Understanding how the particular repo you are working with uses different branches for different purposes is important so you can know where and when to add your code. Different organizations and repos may have different practices so you will need to look at their documentation or ask their developers. For example, one group might just use “master” or “main” as the primary branch and everyone can push/pull code from directly to/from it all the time. In this tutorial, we make use of both a “devel” and a “master” branch. Developers push changes to the “devel” branch when making updates. Only stable versions are pushed to the “master” branch along with a version bump and corresponding new release. For our DevelExample repo, run this command to switch to the “devel” branch if not already there:

git checkout devel

Or you can do this within Rstudio by clicking on Git tab in the top right and selected devel from the drop down box:

⁠

Note: You may also want to create your own separate branch from devel if you are making substantial changes. This can be done with the command git checkout -b <new_branch_name>. See this article for more information on utilizing Git
branches⁠
.

II. Merge/Pull changes from upstream repos

If you just cloned the repo, then chances are that you have the latest version of the code and do not need to worry about syncing with the upstream repo. If you have been working on a package for a while along with other developers, then your local version of the package may be behind the upstream repo in the original organization (”campbio” in this example). It is often a good idea to incorporate changes that other developers have made before starting to add or change code on your local repo as this may help reduce potential merge conflicts later on. Here is the code to fetch the latest code:

git fetch campbio

git merge campbio/devel

Similar functionality can be done with git pull. See this article for more information on Git

fetching/pulling⁠

and comparisons between them. If you have already started making changes to your local repo and then try to merge from an upstream repo, you may already have merge conflicts. These can be resolved with git mergetool or with other text editors. See this article for a brief introduction to

merging⁠

in Git or Google “Git merge conflicts” to find any number of tutorials/examples.
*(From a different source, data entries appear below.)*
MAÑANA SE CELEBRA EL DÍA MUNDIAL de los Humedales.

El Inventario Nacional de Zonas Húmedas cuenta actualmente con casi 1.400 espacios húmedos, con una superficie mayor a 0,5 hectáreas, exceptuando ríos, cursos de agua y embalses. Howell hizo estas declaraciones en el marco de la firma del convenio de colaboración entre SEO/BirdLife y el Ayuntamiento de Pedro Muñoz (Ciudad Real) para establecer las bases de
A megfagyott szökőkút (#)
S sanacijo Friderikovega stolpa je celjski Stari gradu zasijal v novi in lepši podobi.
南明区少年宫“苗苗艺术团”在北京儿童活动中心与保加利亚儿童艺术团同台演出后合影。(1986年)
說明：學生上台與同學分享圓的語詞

B. Adding code to the package

If you are starting a package from scratch, you can read through other tutorials about how to set up the package structure, including ones from

Hadley Wickham⁠

Fong Chun Chan⁠

. However, this only needs to be done once. So most of the time, you will be adding code to an existing package.

I. Function code

Most of the code in your R package will be enclosed within an R function. In this tutorial, we will add a function to the DevelExample package that calculates the Euclidean distance between two vectors. Below is an example of an R function that calculates this distance and another one that checks for NAs in our vectors. This code can be copied into a new file called “distance.R” in the “R” subdirectory of the package.
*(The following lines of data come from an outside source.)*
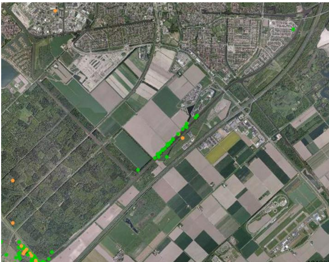
Verspreidingsbeeld van de ringslang periode 2001-2012. Twee clusters zijn nu goed zichtbaar: Oostvaardersveld (Linksonder) en ecozone (midden). Rechtsboven de waarneming uit de Landerijen 2012.

In 2012 is gestart met het monitoren van ringslangen in de ecozone. Gemiddeld zijn in de 6 rondes 3 dieren per ronde gezien. Daarmee evenaart deze route de al jaren bestaande route in Oostvaardersveld. Ook landelijk gezien is een gemiddelde van drie dieren erg goed te noemen.
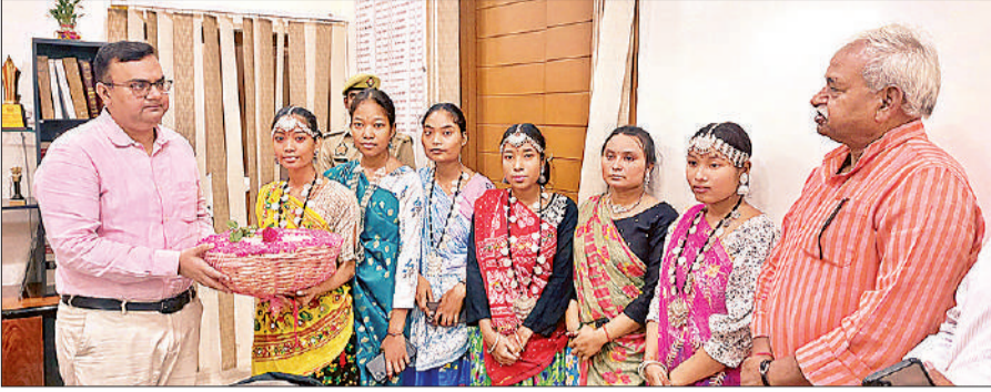
जिलाधिकारी अक्षय त्रिपाठी को राखी बांधने पहुंची थारू समुदाय की युवतियां और सद्भावना संस्था के अध्यक्ष। ● अमृत विचार

चूँकि यह कार्यक्रम पूर्व नियोजित था अतः जिलाधिकारी अपने आफिस में ही थे उन्होंने सबको बिठाया व राखी लेकर पहुंची थारू समाज की बेटियों से उनका परिचय जाना। डीएम
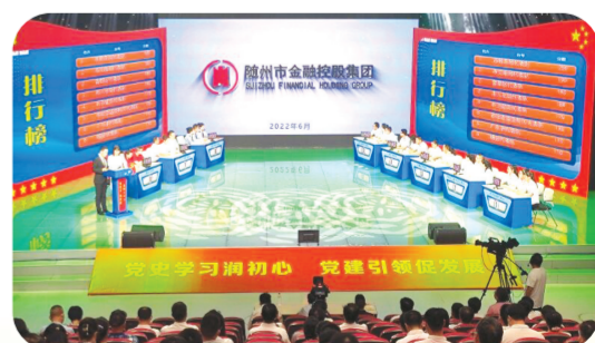
冠名主办随州市“金控杯”党建知识竞赛

践行为民初心。将社会责任融入发展全过程。累计投入50余万元资金用于乡村振兴驻村基础建设、产业发展、困难救助,投入20余万元资金用于下沉社区环境整治、红色物业建设、困难群众慰问。组织党员干部常态化下沉社区开展志愿服务400余人次,用心用情解决群众“急难愁盼”问题。荣誉是过往奋斗的里程碑,更是接续奋进的冲锋号。站在新的起点,市金控集团党委将继续高举党建引领旗帜,持续巩固拓展主题教育成果,聚焦服务实体经济本源,持之以恒正风肃纪,不断推动党建与业务从“物理叠加”向“化学融合”深度转变,以更加昂扬的斗志、更加务实的作风,奋力推动单项工作持续领先、整体工作跨越进阶,为随州加快建设“三地一枢纽”、奋力谱写中国式现代化随州篇章贡献更强劲的金融力量。

euclideanDist <- function(a, b, verbose = FALSE) {

if (isTRUE(verbose)) {

message("Calculating distance ...")

}

# Check validity of data

.check_data(a)

.check_data(b)

# Perform calculation

res <- sqrt(sum((a-b)^2))

return(res)

}

.check_data <- function(input) {

if (any(is.na(input))) {

stop("'input' must not contain NAs")

}

To test your function, you can run the command devtools::load_all() which will load the current version of your code into the R environment without actually reinstalling the package. You can also run this by selecting Load All after clicking More under the Build tab in Rstudio:

⁠

In this example, we actually put some of the code inside of a “dot” utility function (i.e. the function starting with a “.”). There are two reasons to split up code for your function into smaller functions. The first reason is if that chunk of code will be used or called in multiple places or from multiple functions across your package. It is generally a bad idea to have redundant code in multiple places as it is harder to maintain when changes to the code will inevitably be needed in the future. The second reason is if your function is long because it contains multiple, complex parts. If your function can be split up into smaller steps with each step coded in its own small function, this will improve the design, maintainability, and readability of the overall function. Note that these functions do not actually have to start with a period, but it is a convention that some groups like to use to help developers distinguish between the functions that they want users to see versus internal functions they use to better organize the code (i.e. exported vs non-exported functions).

Here is a brief list of some additional best practices to make your code consistent and maintainable:

Standard function naming. If you are adding to an existing repo, make sure to understand the conventions for that repo. Make sure to use standard conventions for function and parameter names. Common naming conventions include

camel case⁠

(e.g. euclideanDist),

snake case⁠

(e.g. euclidean_dist), or

Google’s R style guide⁠

(e.g. EuclideanDist). Understand if there are preferences for abbreviated words or full words in function names (eucl_dist vs. euclidean_distance). It is also a good idea to document these preferences in a developer wiki.

File organization and naming. If you have a lot of functions, it is generally a good idea to split them up in multiple files. Multiple functions should only be in the same file if they are functionally related. Many packages keep separate files for the accessors and utility functions. It is also a good idea to think through the convention for the names of these files so other developers can quickly find the code they want to understand or modify.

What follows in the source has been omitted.